O número de divórcios no Brasil e no mundo é realmente muito expressivo. Infelizmente é grande o número de casamentos que vão a pique, e muitos acabam nos primeiros anos e até nos primeiros meses. E vale destacar também que a saúde dos casais dá sinais de problemas graves. Diante de todos esses desafios, é grande o número de pessoas que já não acreditam mais no casamento (inclusive muitos que casados estão) e o encaram até como uma instituição obsoleta. Refletir sobre isto, contudo, é necessário, sobretudo, à luz das Escrituras.
Essa incerteza em torno do casamento é, em grande medida, resultado da assimilação da cultura pós-moderna pautada pelo hedonismo e utilitarismo. Nos tópicos a seguir refletimos justamente sobre os elementos que são fundamentais para a construção e manutenção da vida conjugal que, quando entendidos e praticados, levam a uma vida a dois mais equilibrada e feliz. E o primeiro consiste justamente em refletir sobre se entendemos corretamente o que é o casamento e o seu real significado. Isto é fundamental num mundo de utopias frustradas e de estereótipos construídos socialmente que são inalcansáveis.

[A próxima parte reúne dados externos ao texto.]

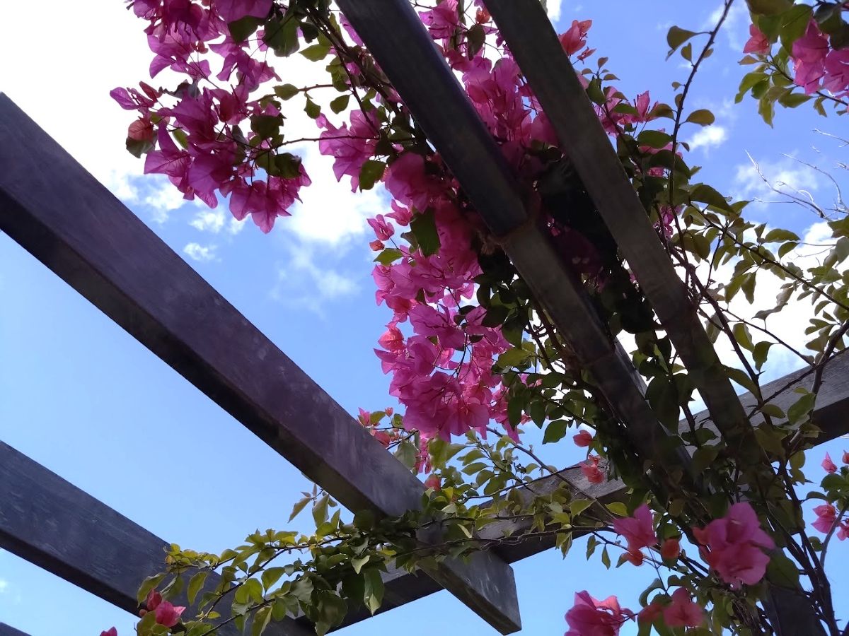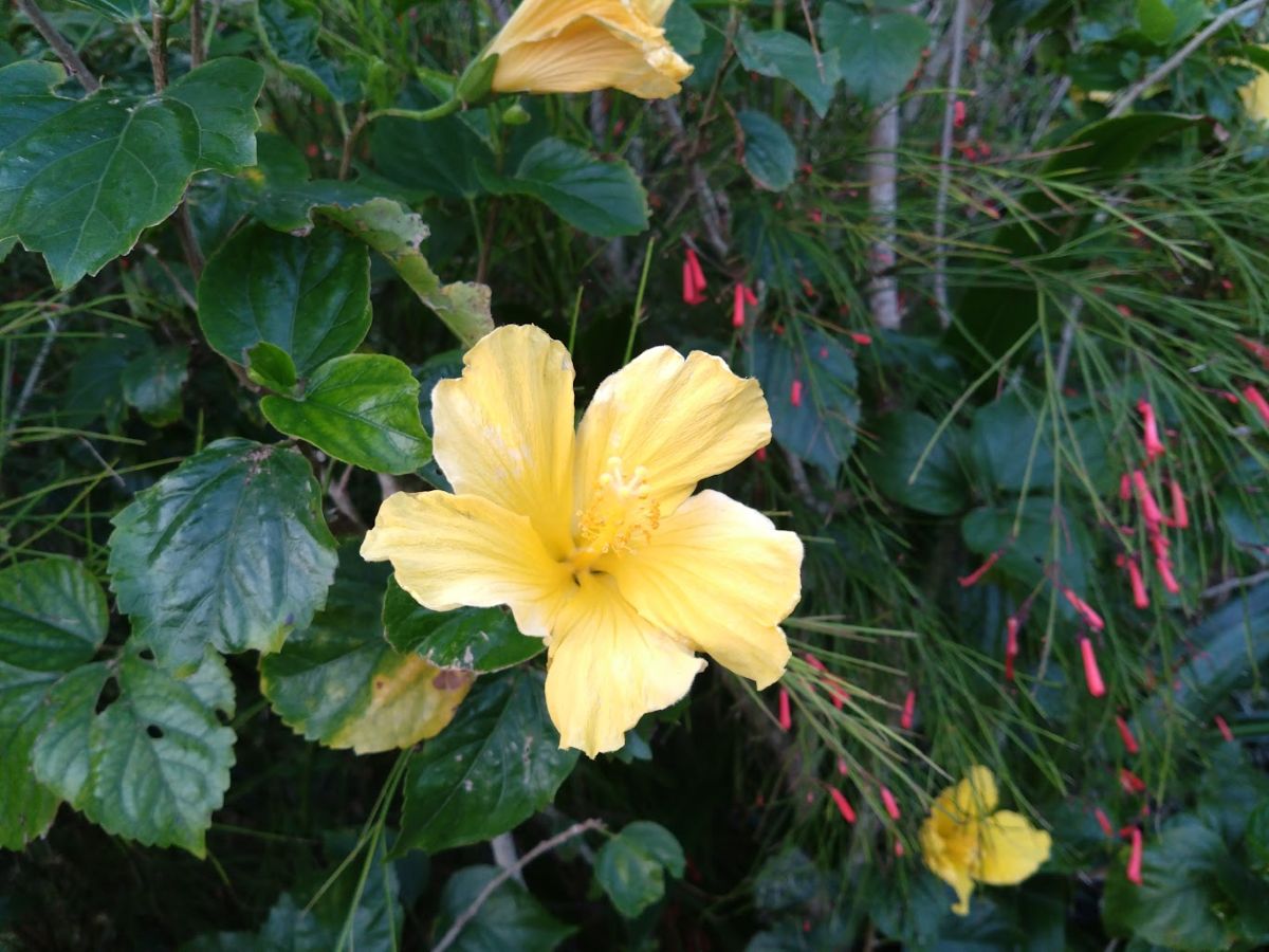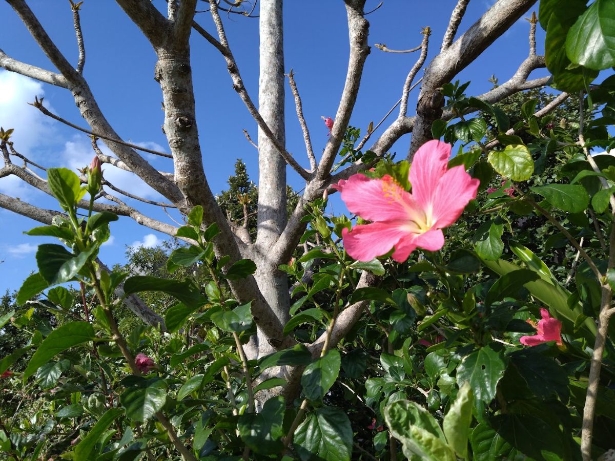 玄関側はグスクに囲まれた木々と花々の庭だから、当たり前のように鳥たちの遊び場所になっているのだ。自然は、大事に守ればこんなに嬉しいお返しをしてくれる。山側のグスクウオールの上に、ちょうど太陽が顔を出していて、木々や花畑を照らし始めていた。

1.1 Entendemos corretamente o casamento?
O primeiro passo para um casamento saudável é entender seu real significado. Muitas pessoas se casam com motivações equivocadas e sem ter em mente o que devem esperar realmente da vida a dois. Neste sentido, não é incorreto afirmar que em muitos casos, o casamento começa a ruir mesmo antes de ter sido oficializado diante de um ministro do evangelho.
A vida conjugal tem algumas implicações fundamentais que devem ser do conhecimento de ambas as partes, antes mesmo de chegarem ao "Sim". Homem e mulher, cônscios de seu papel e de suas responsabilidades, haverão de usufruir juntos das benesses e alegrias de uma vida a dois e poderão juntos construir um projeto que seja, de fato, para a vida a dois, “até que a morte os separe”.

1.2 Implicações da vida a dois
A escolha pela vida conjugal naturalmente gera responsabilidades que devem ser assumidas tanto pelo homem como pela mulher, numa ação colaborativa. Infelizmente, muitos casais assumem uma postura combativa e competitiva ao invés de se “abraçarem” para juntos construírem um lar feliz. Por mais paradoxal que isso pareça, tem sido a realidade de muitos casais.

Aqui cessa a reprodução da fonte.